• Data segment:
____________________

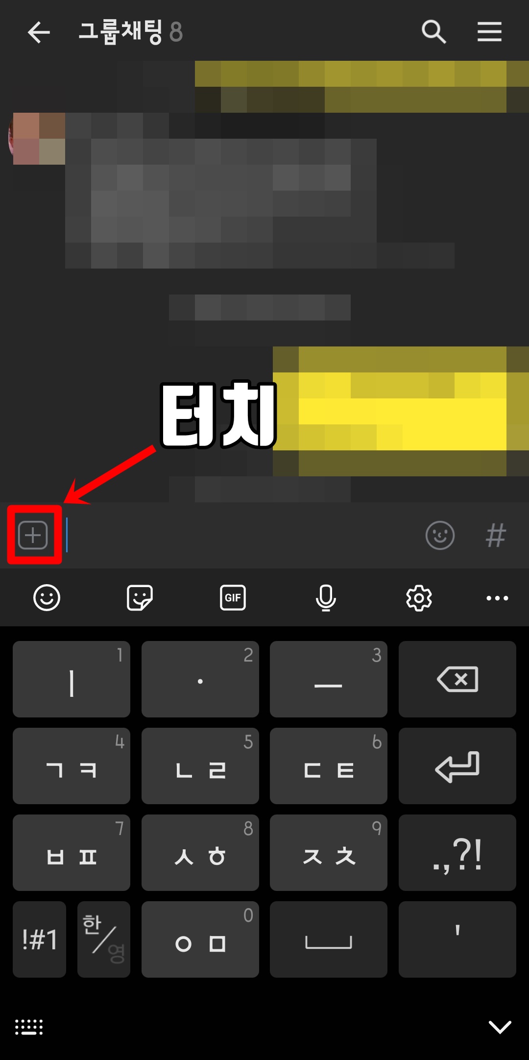 그럼 위 사진을 참고하여 좌측부터 따라 해 주시면 되겠습니다. 먼저 +모양을 눌러 주시면 앨범 카메라 선물하기 등 메뉴들이 나오게 됩니다. 여기서 선물하기를 터치해주세요.
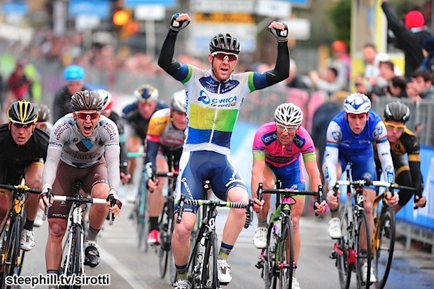 Matthew Goss surpreendeu tudo e todos, ganhando, ao sprint, a segunda etapa, primeira em linha, da Tirreno-Adriatico, entre San Vincenzo e Indicatore, 232Km para roladores.
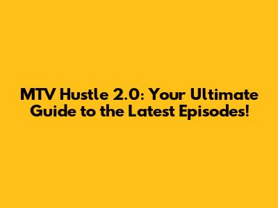 Where to Watch MTV Hustle 2.0 Full Episodes

____________________

• Required action:
Without the images, write out each line of the data verbatim.

• Answer space:
 그럼 위 사진을 참고하여 좌측부터 따라 해 주시면 되겠습니다. 먼저 +모양을 눌러 주시면 앨범 카메라 선물하기 등 메뉴들이 나오게 됩니다. 여기서 선물하기를 터치해주세요.
 Matthew Goss surpreendeu tudo e todos, ganhando, ao sprint, a segunda etapa, primeira em linha, da Tirreno-Adriatico, entre San Vincenzo e Indicatore, 232Km para roladores.
 Where to Watch MTV Hustle 2.0 Full Episodes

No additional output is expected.